Carleton’s proximity to peasant culture was a guarantee of understanding and knowledge, and Carleton described it as “the only merit which I claim” (Traits and Stories 1:xvii). However, it could also be a disadvantage. Jason Marc Harris suggests that writers who use folklore in the nineteenth century needed to be careful to distance themselves, especially from the supernatural aspects of their tales, in order to meet “the demands of rational respectability exigent on an author who pretends to high literary culture” (171). Fairies, ghosts and banshees were quaint, and clearly marketable commodities, but an author needed to make a clear distinction between the ignorant peasantry who believed in them and the educated author and his sophisticated readership. Thomas Crofton Croker prefaces his Fairy Legends and Traditions of the South of Ireland (1825–8) thusly:

The following Tales are written in the style in which they are generally related by those who believe in them; and it is the object of the Compiler to illustrate, by their means, the Superstitions of the Irish Peasantry–Superstitions which the most casual observer cannot fail to remark powerfully influence their conduct and manner of thinking (7).

Crofton strictly separates his own beliefs and behavior, and by extension those of his readers, from a peasantry clearly steeped in and heavily swayed by superstition; by writing in their style he is impersonating–and later commentators, such as W. B. Yeats, suggested not accurately: “Nor could he quite desist from dressing his personages in the dirty rags of the stage Irishman” (1:187). This line of separation was perhaps not so distinct in Carleton’s case; some of his tales were first published in the penny journals, with a relatively unsophisticated audience in mind. In stories such as “Wildgoose Lodge,” Carleton uses the contrast between the cultivated literary language that the homodiegetic narrator (a reformed Ribbonman, educated since the events he relates) uses for the reader and his Hiberno-English dialogue with other characters to distinguish him not only from Paddy Devaun and his murderous crew but also from his former self, who would have shared their politics and idiom. Similarly Carleton makes it clear that while he in his youth, and everyone else in his parish, believed in ghosts, fairies and banshees, his entry into educated metropolitan society, and to some extent his country’s progress in recent years, has laid such superstitions to rest: “the belief in ghosts is fast [page 167] disappearing, and that of fairies is already almost gone,” says the narrator of “Irish Superstitions–Ghosts and Fairies,” their place in the imagination usurped by the wonders of steam and gas (164, 166).

However, Carleton refuses to identify a belief in the supernatural solely with the peasantry, and stresses that superstitions are a widely shared fascination:

We have met and conversed with every possible representative of the various classes that compose general society, from the sweep to the peer, and we feel ourselves bound to say that in no instance have we ever met any individual, no matter what his class or rank in life, who was really indifferent to the subject of dreams, fairies, and apparitions.
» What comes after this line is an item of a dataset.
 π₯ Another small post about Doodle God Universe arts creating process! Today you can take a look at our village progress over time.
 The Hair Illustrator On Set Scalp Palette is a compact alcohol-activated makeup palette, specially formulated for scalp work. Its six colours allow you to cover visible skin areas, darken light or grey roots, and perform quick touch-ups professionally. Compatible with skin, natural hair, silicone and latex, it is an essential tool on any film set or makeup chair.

They are topics that interest the imagination in all; and the hoary head of age is inclined with as much interest to a ghost-story, as the young and eager ear of youth, wrought up by all the nimble and apprehensive powers of early fancy. (“Irish Superstitions” 164)
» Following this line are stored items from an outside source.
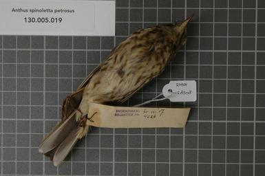 | Keywords: Naturalis Biodiversity Center - RMNH.AVES.128508 2 - Anthus spinoletta petrosus (Montagu, 1798) - Motacillidae - bird skin specimen.jpeg artwork Dimensions artwork Document type Motacillidae Anthus Individual count 1 Infraspecific epithet petrosus Infraspecific rank Institution Naturalis Kind of unit artwork Kind of unit specimen skin Life stage Bohuslän Medium artwork Nomenclatural code Additional info GK Occurrence ID page Other fields Other versions artwork Permission license Naturalis donation CC-0 Publication location Scientific name Anthus spinoletta petrosus Montagu 1798 Scientific name authorship Montagu 1798 female Source url http //bioportal naturalis nl Specific epithet spinoletta State or province Bohuslän Subject keywords artwork Subject keywords publication Title artwork Title publication Type status Uploaded with GWToolset Naturalis_Biodiversity_Center_-_RMNH AVES 128508_2_-_Anthus_spinoletta_petrosus_ Montagu _1798 _-_Motacillidae_-_bird_skin_specimen http //medialib naturalis nl/file/id/RMNH AVES 128508_2/format/large Media donated by Naturalis Biodiversity Center Songbird specimens at Naturalis Biodiversity Center Anthus petrosus museum specimens |
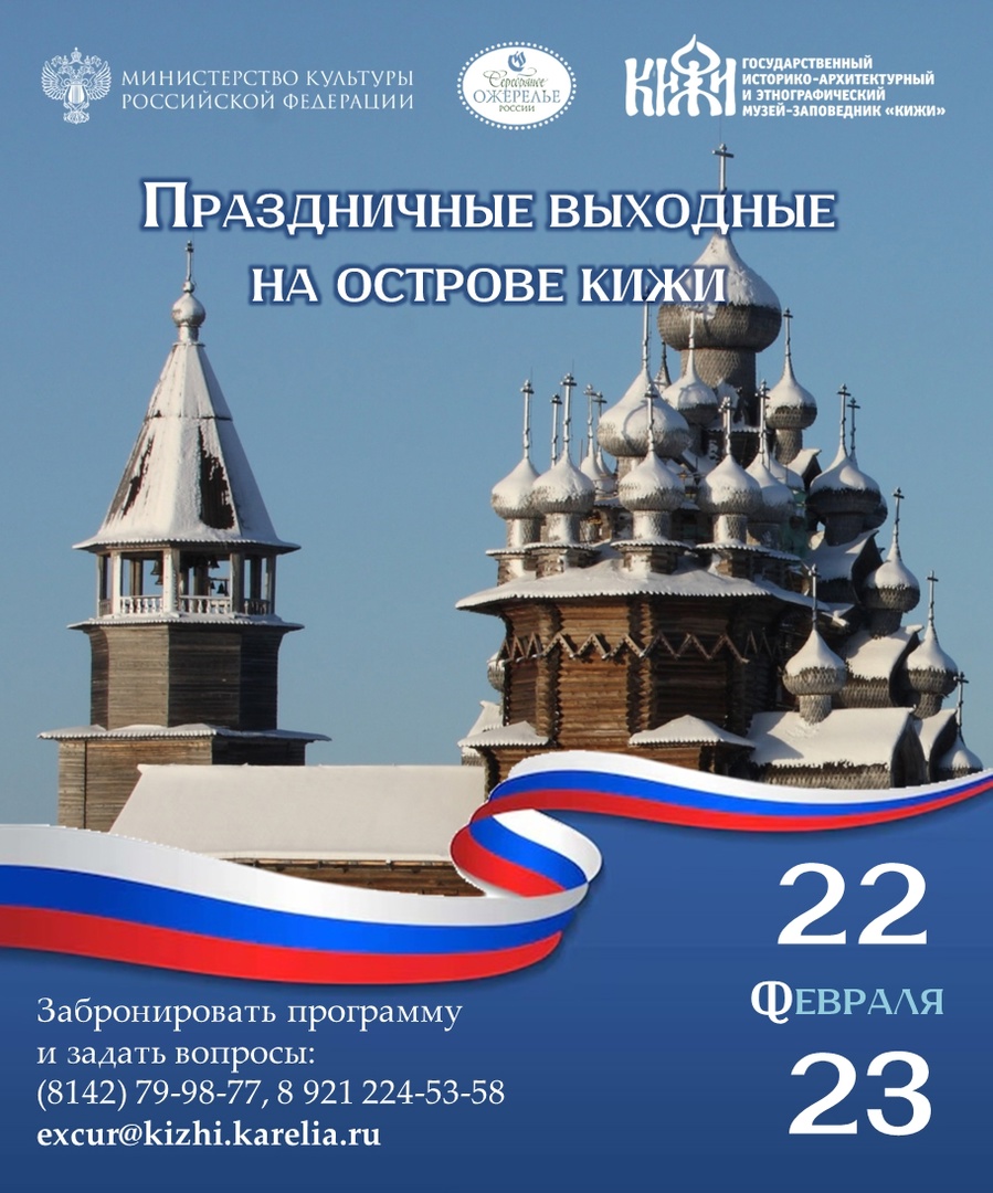 Экскурсионный отдел на острове Кижи — (8142) 53-57-22 (лето), (8142) 79-98-77 (зима).
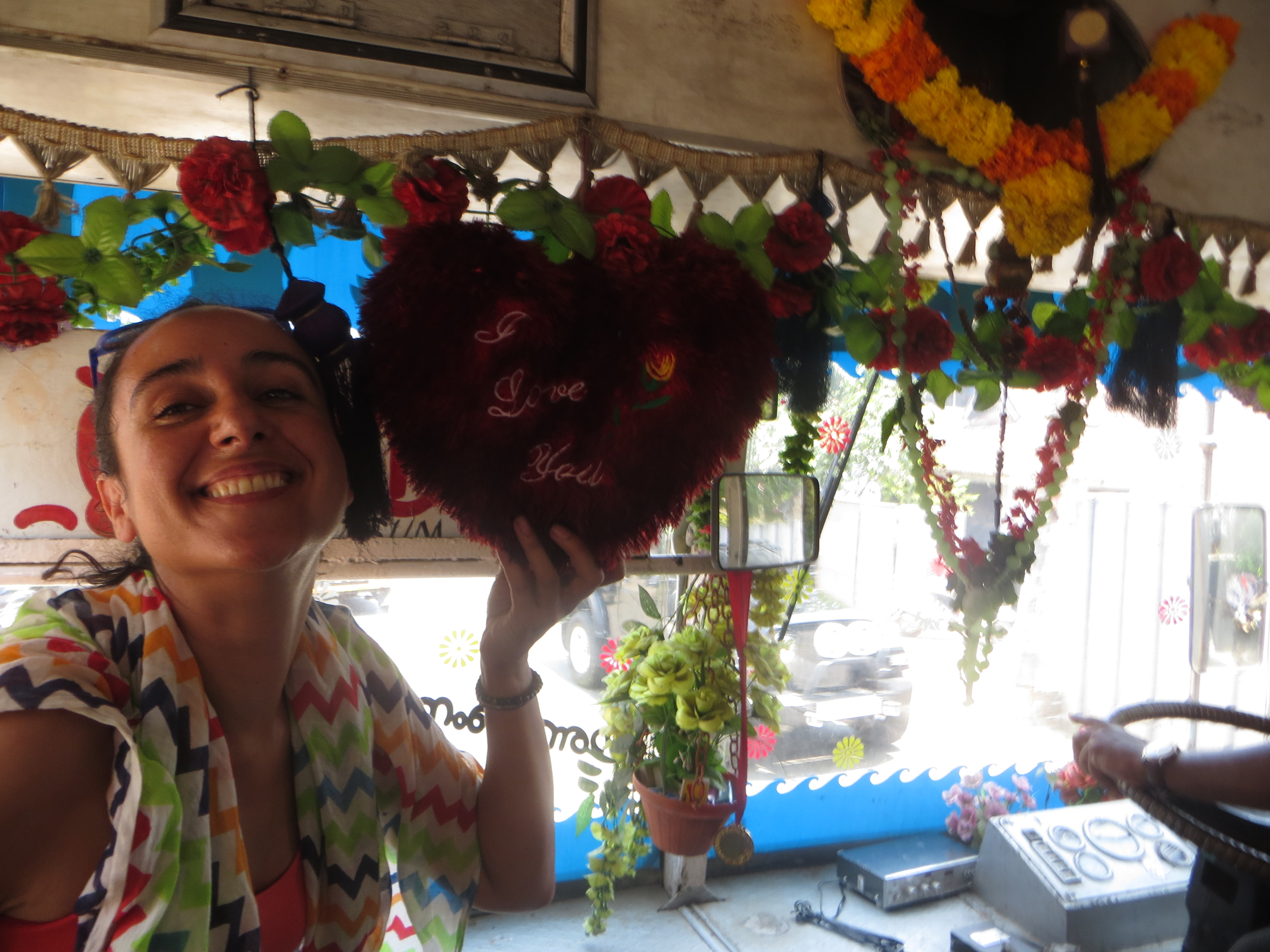 Al llegar a Cochin nos bajamos en la parada donde bajaba más gente… Le echamos un ojo a la lonely planet y decidimos ir a Fort Kochi que era la visita obligada, cogimos el mapa y vimos que había que coger otro autobus. De repente se paró uno justo delante de nosotras; era un autobús estilo comparsa de carnaval, como casi todos en india; lleno de flores de plástico colgadas por todos lados y de corazones, muy alegreee, vamos! XD El busero nos preguntó de donde éramos y nos dijo que subiéramos que nos iba a enseñar Cochín… 😀
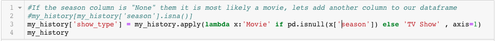 I also noticed, that the title of any Movie that was in the dataset, it only had a Movie Name, which leads me to believe that all the rows where season is Null, it means it is most likely a Movie. Lets create another column which specifies whether its a Movie or a TV Show
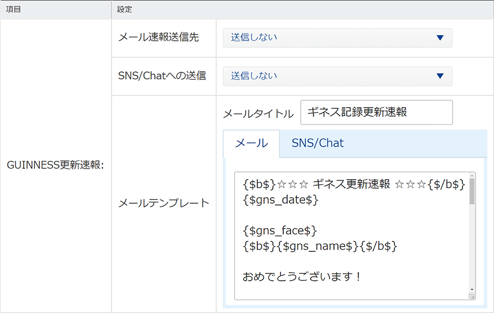 「メール設定-GUINNESS更新速報」から速報メール本文の設定が可能です。

Helen O’Connell suggests that the pro-improvement Carleton identifies superstition with the backward and “barbaric orality” of peasant culture that he is attempting to replace with reason, order, and writing, giving as an example the story “Larry M’Farland’s Wake,” where the feckless Larry and his wife Sally are a stark contrast to his improving brother Tom and his wife Biddy. O’Connell argues, “Improvement fiction insists that the irrationality of the supernatural can be kept at bay through strict domestic and commercial organization. It is fitting that Sally should hear the banshee the night that Larry dies–her lack of domestic orderliness delivering her directly to the forces of the supernatural” (41–2). However, the sensible, rational Tom and Biddy also hear the banshee; Tom even sees Larry’s fetch, and accepts at once that his brother must be dead (Traits and Stories 1:100). The educated Protestant Toby Darcy, narrator of “The Party Fight and Funeral,” finds himself overcome by “the superstitious terrors of my boyhood” on his return to his townland after fifteen years absence:

It was in vain that I exerted myself to expel them, by throwing the barrier of philosophic reasoning in their way; they still clung to me, in spite of every effort to the contrary. […] I felt an indefinite sensation of fear, because at that moment I recollected that it had been, in my younger days, notorious as the scene of an apparition, where the spirit of a murdered pedlar had never been know to permit a solitary traveller to pass without appearing to him, and walking cheek-by-jowl along with him to the next house on the way, at which spot he usually vanished. (Traits and Stories 1: 186–187)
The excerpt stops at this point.